Source records:
• • • • •

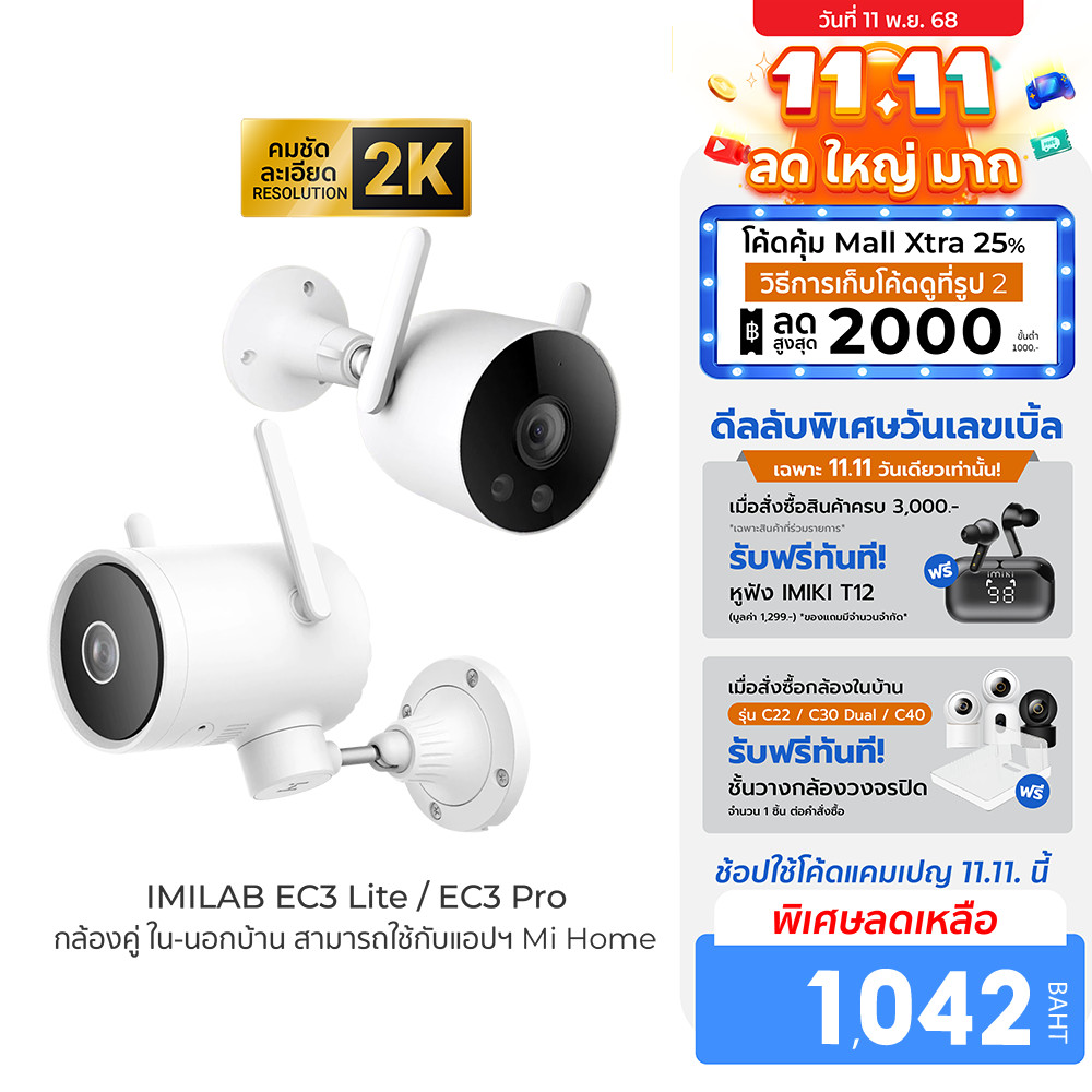 | IMILabThailand | 7359422993 | 31549642350 | [ลดเหลือ 1042] IMILAB EC3 Lite / EC3 Pro กล้องวงจรปิดนอกบ้าน Ai ไล่โจร คมชัด 2K ฉลาดมากขึ้น เชื่อมต่อแอปฯ -24M | [object Object] | 1,890.00 | 1,757.70 | 206 | 21 | 36,911.70 | 1,799.00 | 1,673.07 | 4 | 3 | 50 | 83,653.50 | 227% | 1,799.00 | 8 | 16% | 14,392.00 | |||||||
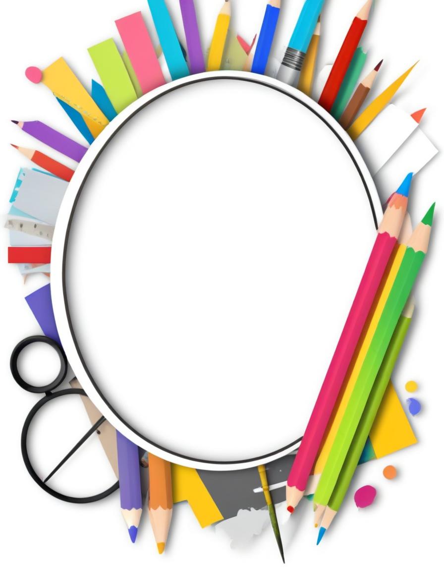 A white circle outlined in black with a variety of colorful school supplies, such as pencils, crayons, and paper, arranged around it.
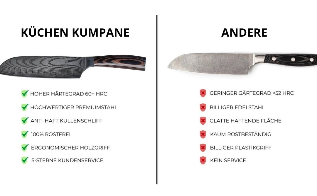 Unsere Vergleichsgrafik zeigt, warum Küchen kumpane die beste Wahl ist. Mit messerscharfer Präzision, hochwertigem Stahl und ergonomischem Design hast du maximale Qualität und Komfort.
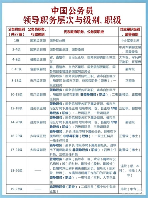 公务员职务职级体系是我国政治体制中的重要组成部分,它对于明确公务员职责、规范公务员管理、提升行政效能具有重要意义。下面,我们将详细阐述我国公务员职务职级体系的划分情况。
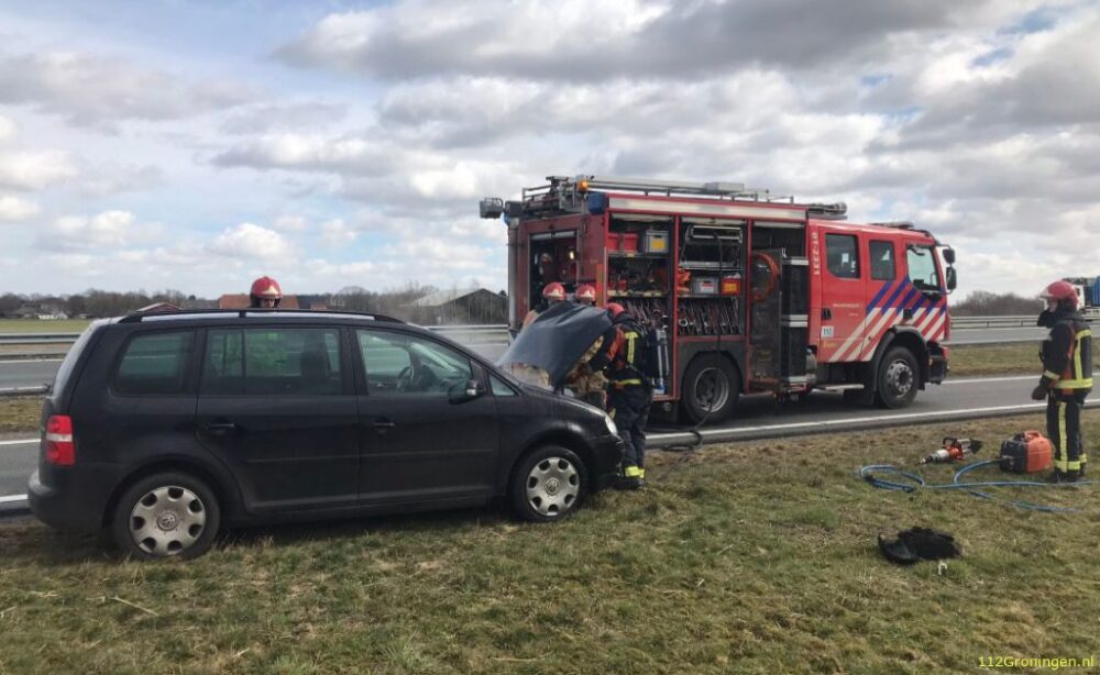 Autobrand op de N33 nabij Meeden, brand beperkt door inzet brandblussers
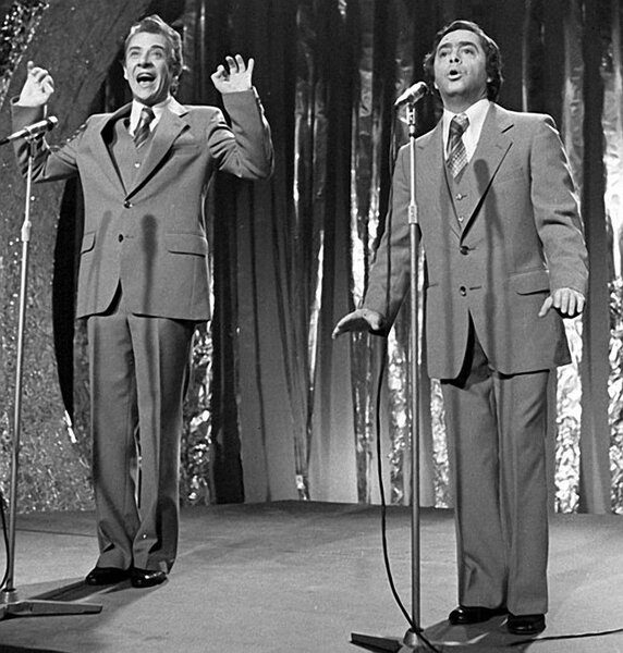 Артисты эстрады Вадим Тонков и Борис Владимиров выступают на новогоднем телевизионном «Голубом огоньке», 1973 год

• • • • •

Every line above must be printed again exactly, pictures excluded.

 | IMILabThailand | 7359422993 | 31549642350 | [ลดเหลือ 1042] IMILAB EC3 Lite / EC3 Pro กล้องวงจรปิดนอกบ้าน Ai ไล่โจร คมชัด 2K ฉลาดมากขึ้น เชื่อมต่อแอปฯ -24M | [object Object] | 1,890.00 | 1,757.70 | 206 | 21 | 36,911.70 | 1,799.00 | 1,673.07 | 4 | 3 | 50 | 83,653.50 | 227% | 1,799.00 | 8 | 16% | 14,392.00 | |||||||
 A white circle outlined in black with a variety of colorful school supplies, such as pencils, crayons, and paper, arranged around it.
 Unsere Vergleichsgrafik zeigt, warum Küchen kumpane die beste Wahl ist. Mit messerscharfer Präzision, hochwertigem Stahl und ergonomischem Design hast du maximale Qualität und Komfort.
 公务员职务职级体系是我国政治体制中的重要组成部分,它对于明确公务员职责、规范公务员管理、提升行政效能具有重要意义。下面,我们将详细阐述我国公务员职务职级体系的划分情况。
 Autobrand op de N33 nabij Meeden, brand beperkt door inzet brandblussers
 Артисты эстрады Вадим Тонков и Борис Владимиров выступают на новогоднем телевизионном «Голубом огоньке», 1973 год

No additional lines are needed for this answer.